Unter anderem kamen auf der Konferenz die Schwierigkeiten zur Sprache, die speziell die deutsche Linke mit dem Thema Nahost hat.

Wie geschlossen ist die Linkspartei?

Wir haben natürlich auch Kämpfe in der Partei. Aber wir haben im Bundestag mit einer Stimmenthaltung einen Entschließungsantrag hinbekommen, und ich gehe davon aus, daß das die Grundlinie der Fraktion ist: Daß neben Israel ein lebensfähiger, völkerrechtlich abgesicherter, palästinensischer Staat existiert - entsprechend den Grenzen von 1967, ohne Gewalt und ohne Androhung von Gewalt. Daneben streitet die Linke über einzelne Schritte, was sich jetzt an der Einladung des Hamas-Sprechers entzündet hat. Aber man sollte nicht Dialog, Verhandlungen und Gespräche mit politischer Solidarität verwechseln. Es geht allein darum, auszuloten, wie man den berechtigten Wünschen und Forderungen des palästinensischen Volkes Rechnung tragen kann.

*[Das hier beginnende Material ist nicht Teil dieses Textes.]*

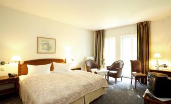 Светлые и просторные номера четырехзвездочного отеля-ресторана Freimuhle располагают уютным гостиным уголком и собственной ванной комнатой. Полы выстланы мягким ковром.
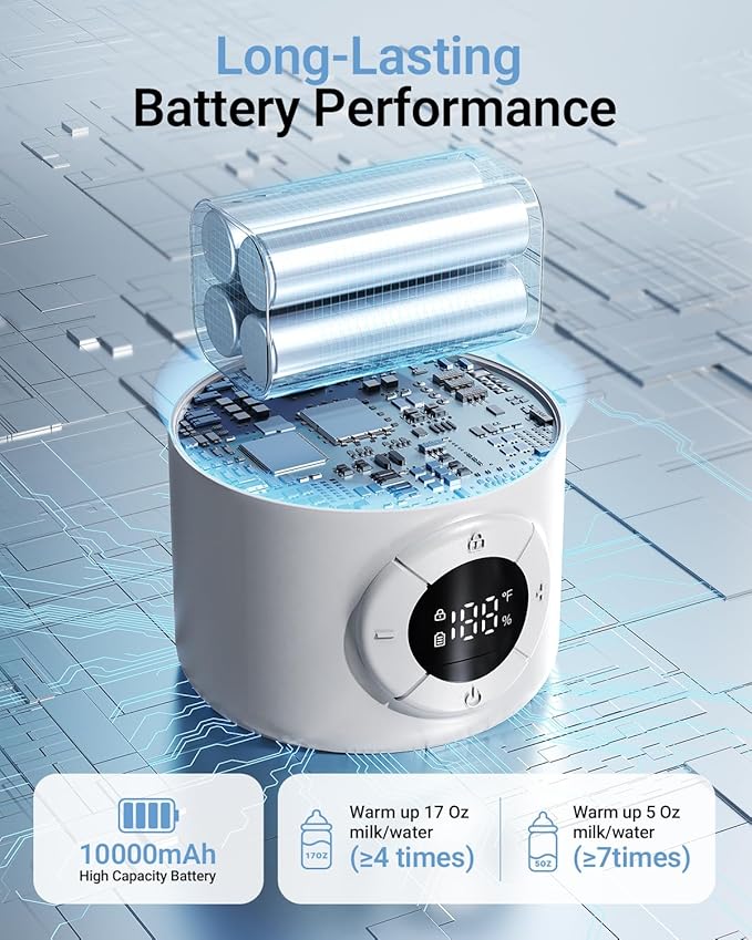• ๐…๐š๐ฌ๐ญ ๐‚๐ก๐š๐ซ๐ ๐ข๐ง๐  & ๐‹๐จ๐ง๐ -๐‹๐š๐ฌ๐ญ๐ข๐ง๐  ๐๐š๐ญ๐ญ๐ž๐ซ๐ฒ: Equipped with a 10000mAh battery, this USB-C fast charging bottle warmer can warm up to 7 bottles (5oz each) on a full charge. Get an 80% charge in just 1.5 hours with a fast-charging adapter of 18W or higher, ensuring all-day power for your travel needs. โš ๏ธ๐ˆ๐ฆ๐ฉ๐จ๐ซ๐ญ๐š๐ง๐ญ ๐๐จ๐ญ๐ž: It's not recommended to use the bottle warmer while charging to avoid low heating efficiency

Welches sind die größten Hindernisse, die einer Friedenslösung im Wege stehen, und welche Verantwortung kommt dabei Deutschland und der EU zu?

Eines der größten Hindernisse ist die imperiale Politik der USA. Man muß glauben, was deren Außenministerin Condoleezza Rice sagt. Sie will in der Tat einen neuen Nahen und Mittleren Osten nach den Wünschen der USA. Abträglich ist auch die Politik des Staates Israel, die auf Gewalt beruht und sich mit der Aufnahme Avigdor Liebermans in die israelische Regierung noch verschärfen wird. Das dritte Hindernis ist, daß Europa und Deutschland eine falsche Politik betreiben. Man gibt vor, mehr Sicherheit für Israel zu wollen - aber man beeinträchtigt sie, wenn man Olmert und Lieberman nicht widerspricht. Wir sind uns darüber einig, daß man für eine Zwei-Staaten-Lösung eintreten muß, wobei wir betonen, daß es ein lebensfähiger palästinensischer Staat sein muß. Was Olmert anbietet, ist nicht lebensfähig.